An exact copy is the goal: every line from the one containing "TE series tractor" to the end of the material below, pictures excluded.

Supplied entries: Begin

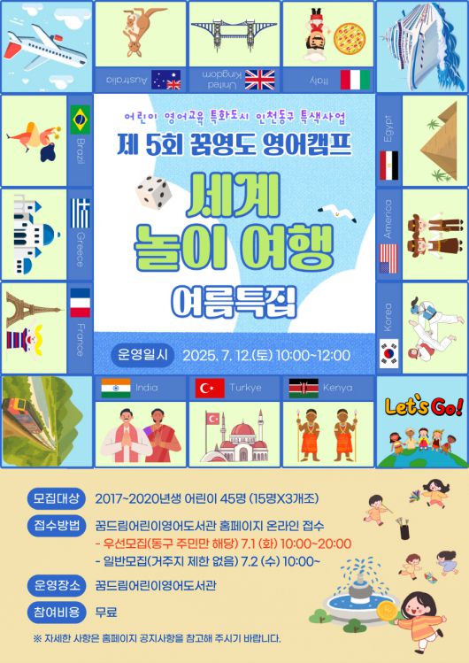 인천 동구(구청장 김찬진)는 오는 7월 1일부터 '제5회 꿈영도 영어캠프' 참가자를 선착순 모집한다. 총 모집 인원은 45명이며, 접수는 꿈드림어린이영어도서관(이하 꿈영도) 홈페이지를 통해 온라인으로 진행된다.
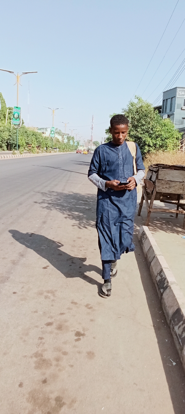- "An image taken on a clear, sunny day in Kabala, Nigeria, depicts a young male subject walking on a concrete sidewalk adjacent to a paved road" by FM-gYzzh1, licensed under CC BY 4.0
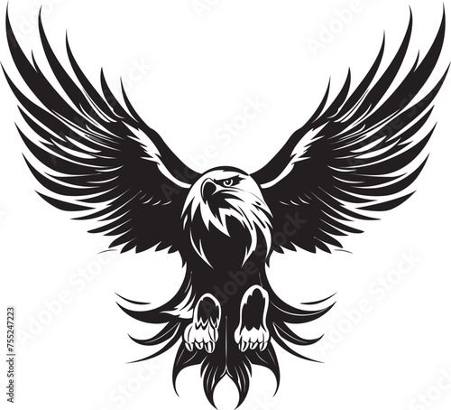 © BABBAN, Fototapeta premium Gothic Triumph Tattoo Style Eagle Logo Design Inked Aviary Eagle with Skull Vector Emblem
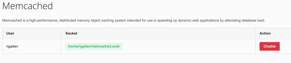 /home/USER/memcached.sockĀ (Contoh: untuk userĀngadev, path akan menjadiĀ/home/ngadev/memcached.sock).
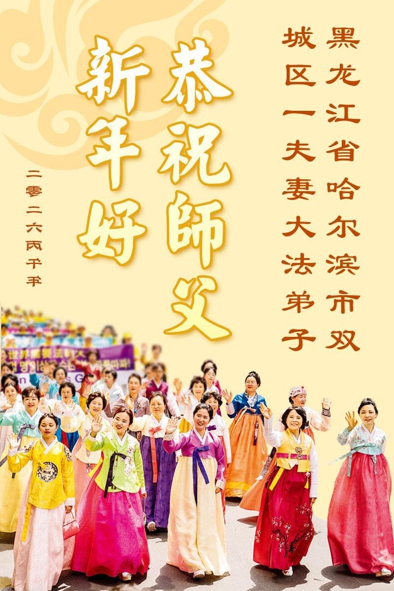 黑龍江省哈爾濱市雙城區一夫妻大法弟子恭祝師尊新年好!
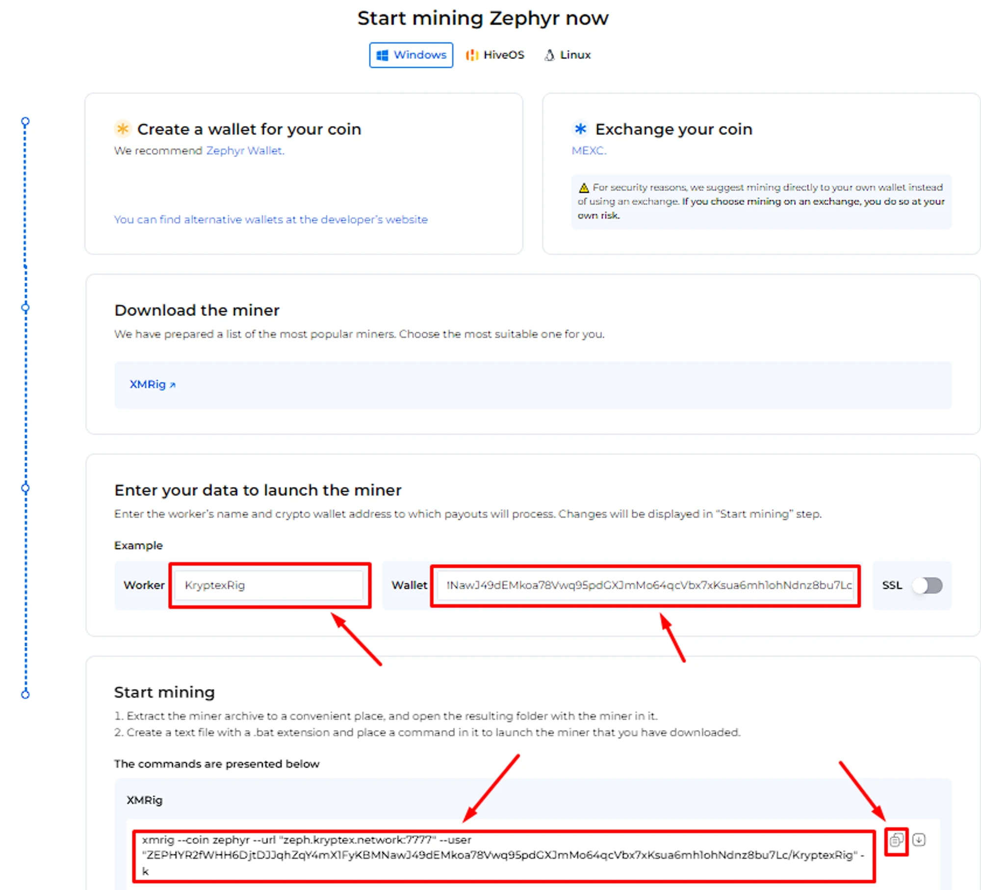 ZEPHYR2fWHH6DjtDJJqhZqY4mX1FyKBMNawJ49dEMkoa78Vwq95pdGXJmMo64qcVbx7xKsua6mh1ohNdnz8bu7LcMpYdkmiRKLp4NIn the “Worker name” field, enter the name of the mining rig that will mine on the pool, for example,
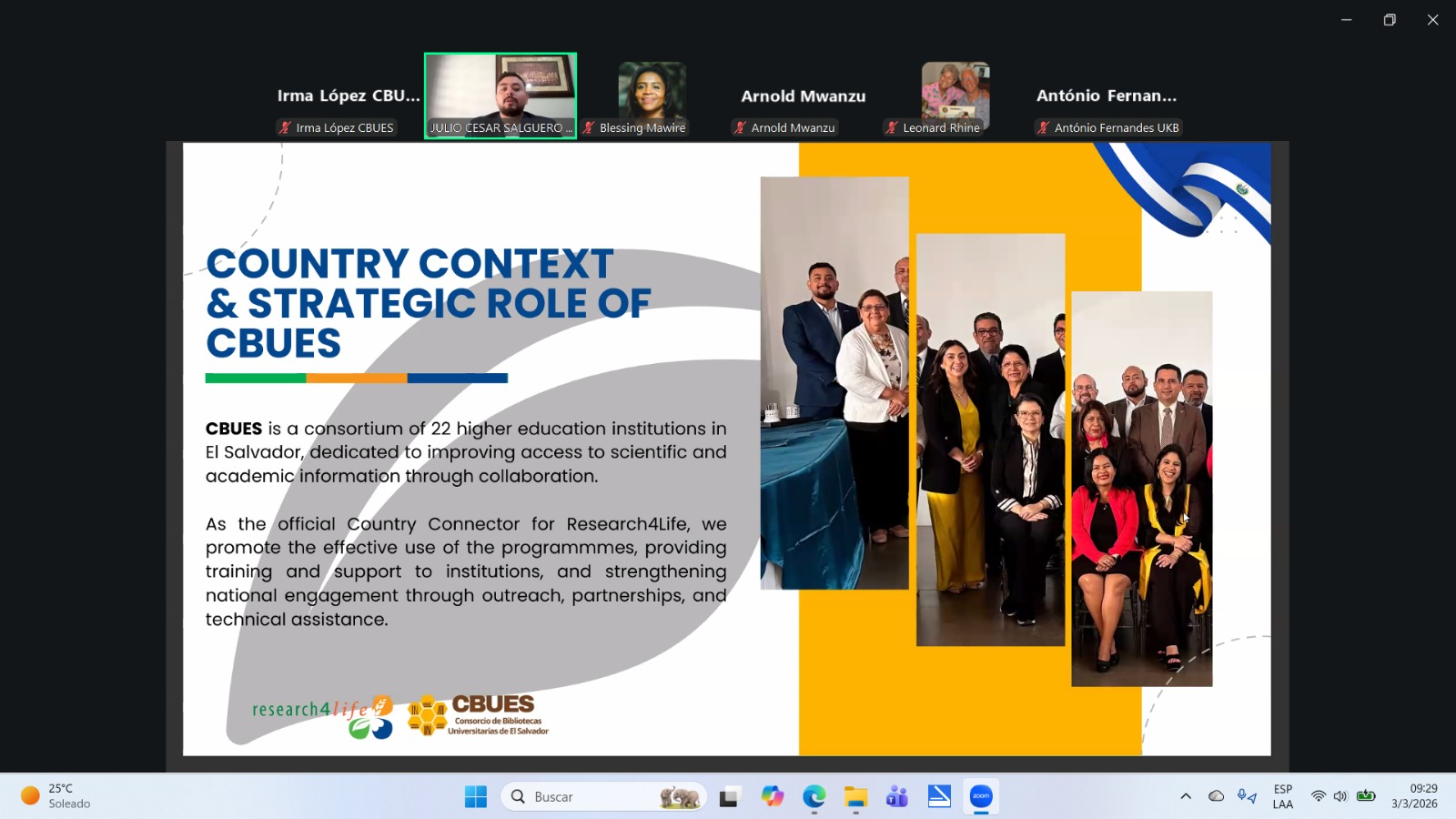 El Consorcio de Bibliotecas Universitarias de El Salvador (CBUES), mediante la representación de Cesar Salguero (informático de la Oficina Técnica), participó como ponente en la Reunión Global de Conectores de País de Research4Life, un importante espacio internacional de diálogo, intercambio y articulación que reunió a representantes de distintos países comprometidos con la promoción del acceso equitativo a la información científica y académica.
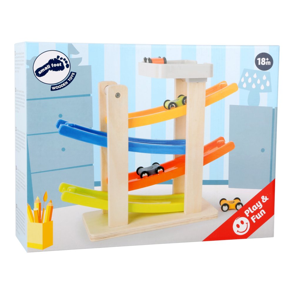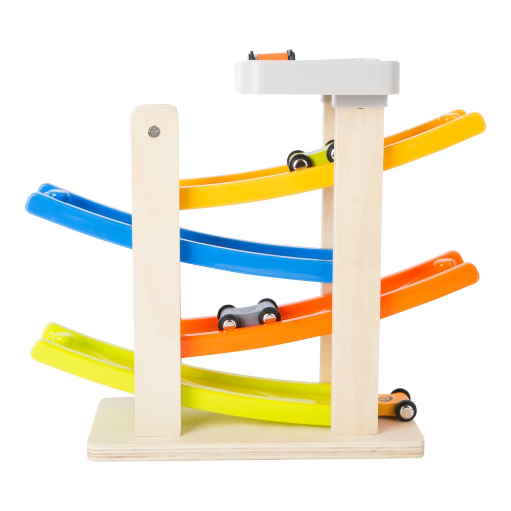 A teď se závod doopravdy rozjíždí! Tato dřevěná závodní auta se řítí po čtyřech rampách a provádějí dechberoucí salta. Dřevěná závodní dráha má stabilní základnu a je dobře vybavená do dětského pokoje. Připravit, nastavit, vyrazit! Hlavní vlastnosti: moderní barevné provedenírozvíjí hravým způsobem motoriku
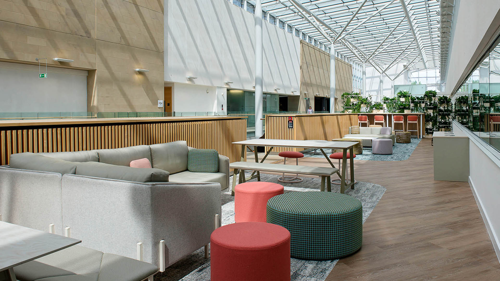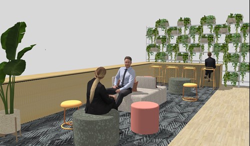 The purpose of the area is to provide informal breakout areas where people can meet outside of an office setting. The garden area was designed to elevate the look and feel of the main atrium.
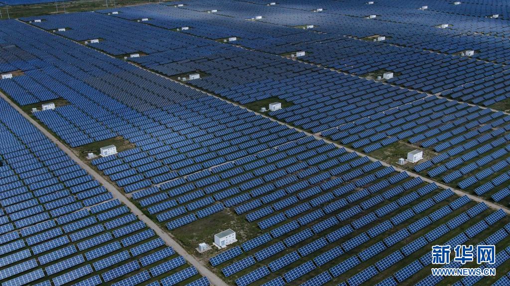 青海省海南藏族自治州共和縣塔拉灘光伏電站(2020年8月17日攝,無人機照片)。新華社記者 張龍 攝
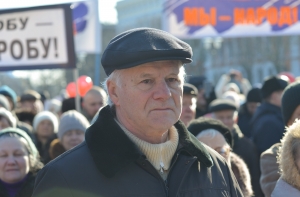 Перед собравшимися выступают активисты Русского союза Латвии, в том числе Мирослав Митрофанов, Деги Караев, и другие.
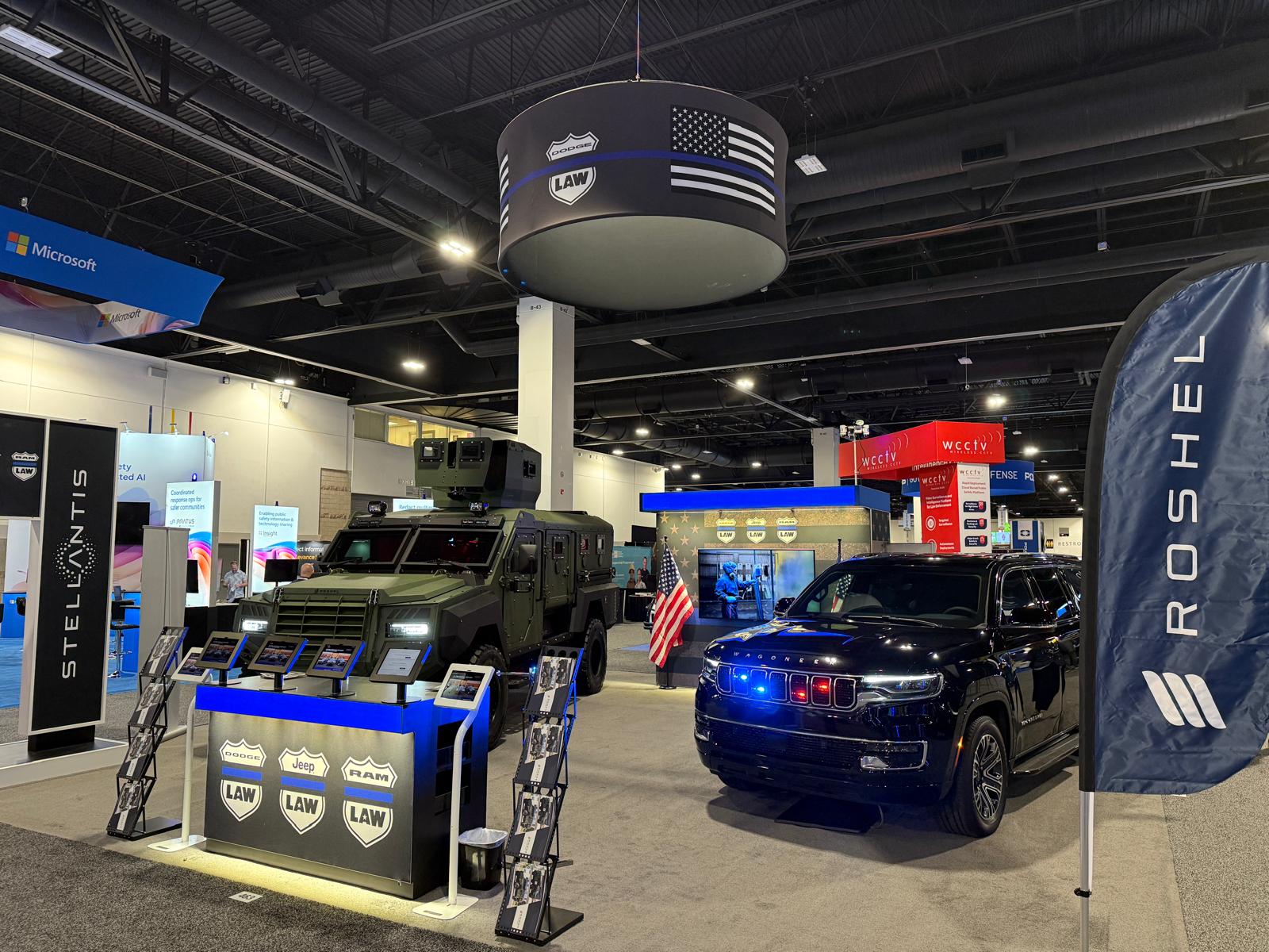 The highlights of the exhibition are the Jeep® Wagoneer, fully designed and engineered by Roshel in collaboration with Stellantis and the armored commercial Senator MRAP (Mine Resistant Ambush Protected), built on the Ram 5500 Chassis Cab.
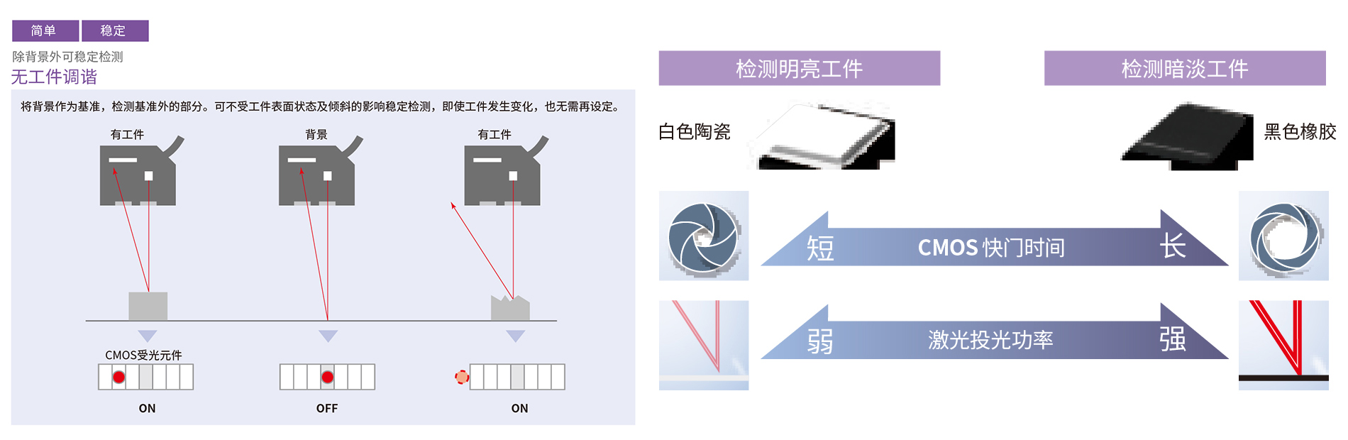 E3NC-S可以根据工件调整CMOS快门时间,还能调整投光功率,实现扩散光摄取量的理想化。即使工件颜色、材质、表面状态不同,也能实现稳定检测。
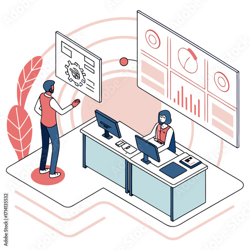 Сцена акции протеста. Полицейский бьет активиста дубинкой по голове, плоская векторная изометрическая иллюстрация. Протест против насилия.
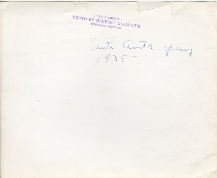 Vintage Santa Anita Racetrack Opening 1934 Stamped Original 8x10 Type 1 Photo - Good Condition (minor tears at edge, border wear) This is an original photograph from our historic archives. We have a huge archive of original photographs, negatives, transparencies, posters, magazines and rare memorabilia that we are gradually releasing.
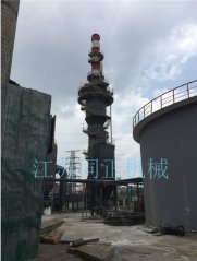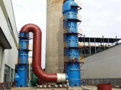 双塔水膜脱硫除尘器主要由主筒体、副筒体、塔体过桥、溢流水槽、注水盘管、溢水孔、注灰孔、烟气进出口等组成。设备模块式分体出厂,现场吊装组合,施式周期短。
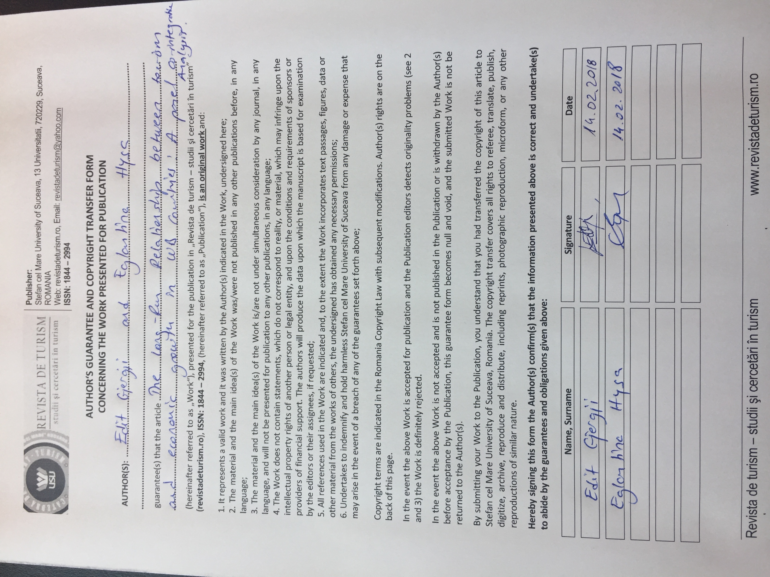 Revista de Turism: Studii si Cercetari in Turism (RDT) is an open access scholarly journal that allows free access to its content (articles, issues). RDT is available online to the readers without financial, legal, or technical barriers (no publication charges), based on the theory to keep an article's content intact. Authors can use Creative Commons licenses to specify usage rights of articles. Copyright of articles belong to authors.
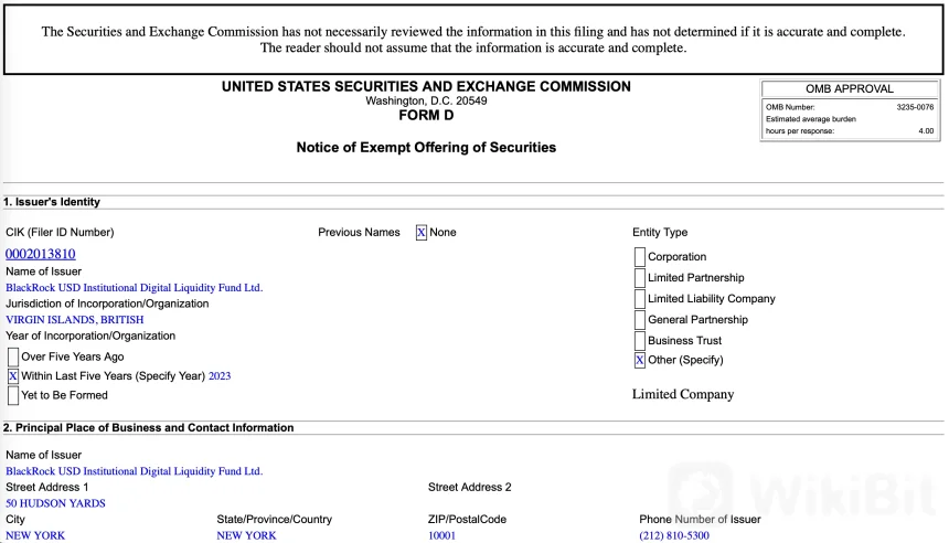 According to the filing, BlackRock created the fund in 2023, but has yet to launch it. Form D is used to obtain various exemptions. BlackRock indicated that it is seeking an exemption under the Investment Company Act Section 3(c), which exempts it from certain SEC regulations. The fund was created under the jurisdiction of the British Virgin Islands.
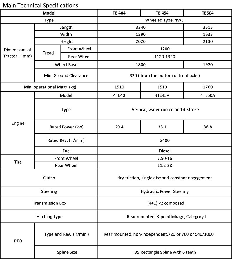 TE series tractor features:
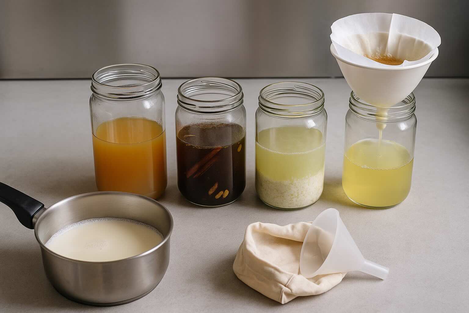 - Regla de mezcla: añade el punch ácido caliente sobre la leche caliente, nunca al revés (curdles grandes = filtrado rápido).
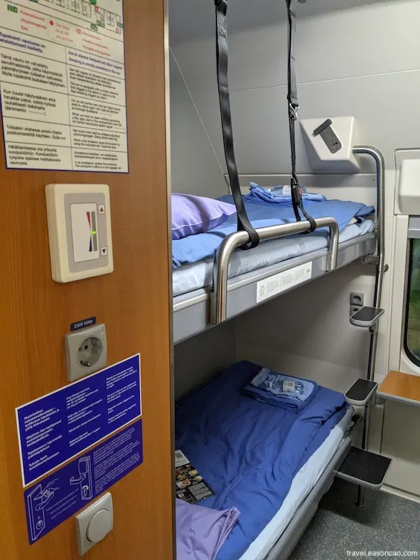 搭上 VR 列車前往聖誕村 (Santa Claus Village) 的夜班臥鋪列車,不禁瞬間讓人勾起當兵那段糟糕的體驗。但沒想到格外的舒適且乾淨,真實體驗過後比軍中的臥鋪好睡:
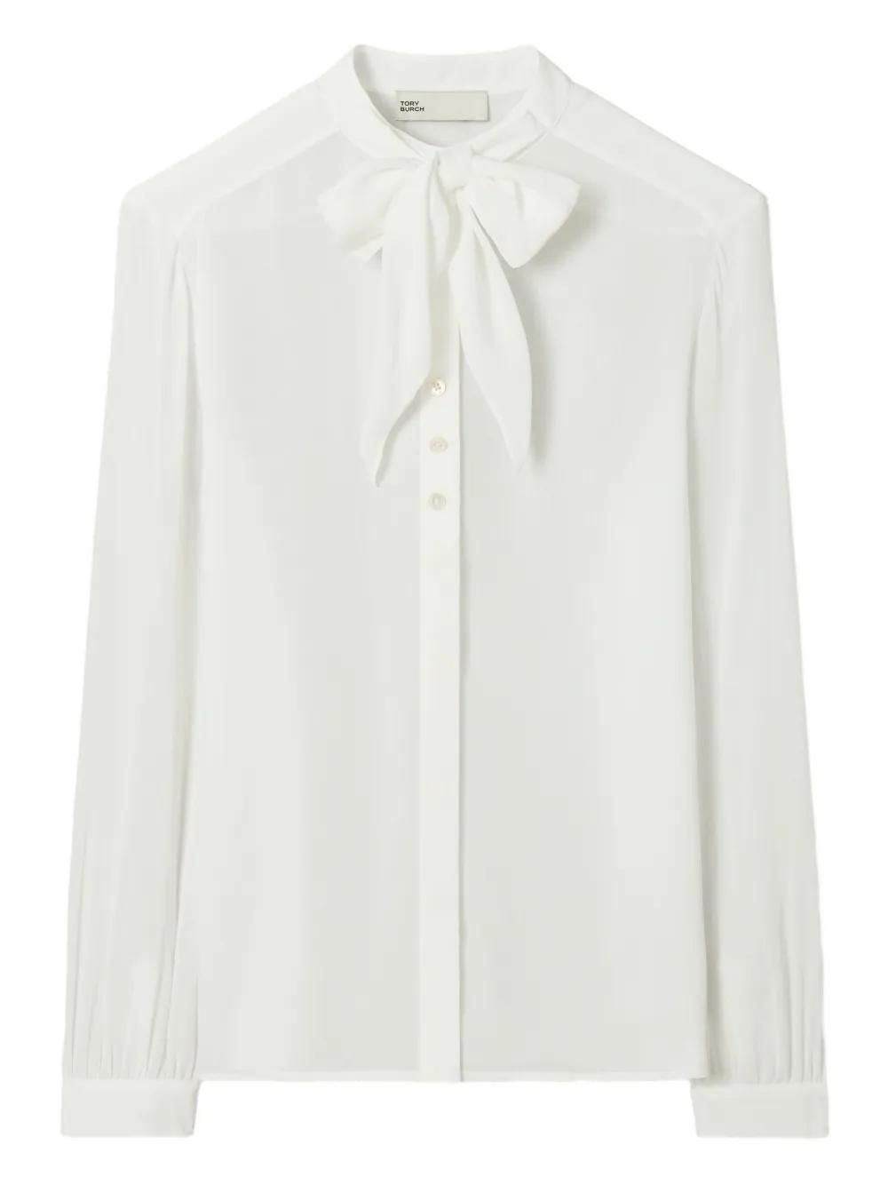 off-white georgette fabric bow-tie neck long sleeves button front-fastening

Supplied entries: End

▸ Result for this task
 TE series tractor features:
 - Regla de mezcla: añade el punch ácido caliente sobre la leche caliente, nunca al revés (curdles grandes = filtrado rápido).
 搭上 VR 列車前往聖誕村 (Santa Claus Village) 的夜班臥鋪列車,不禁瞬間讓人勾起當兵那段糟糕的體驗。但沒想到格外的舒適且乾淨,真實體驗過後比軍中的臥鋪好睡:
 off-white georgette fabric bow-tie neck long sleeves button front-fastening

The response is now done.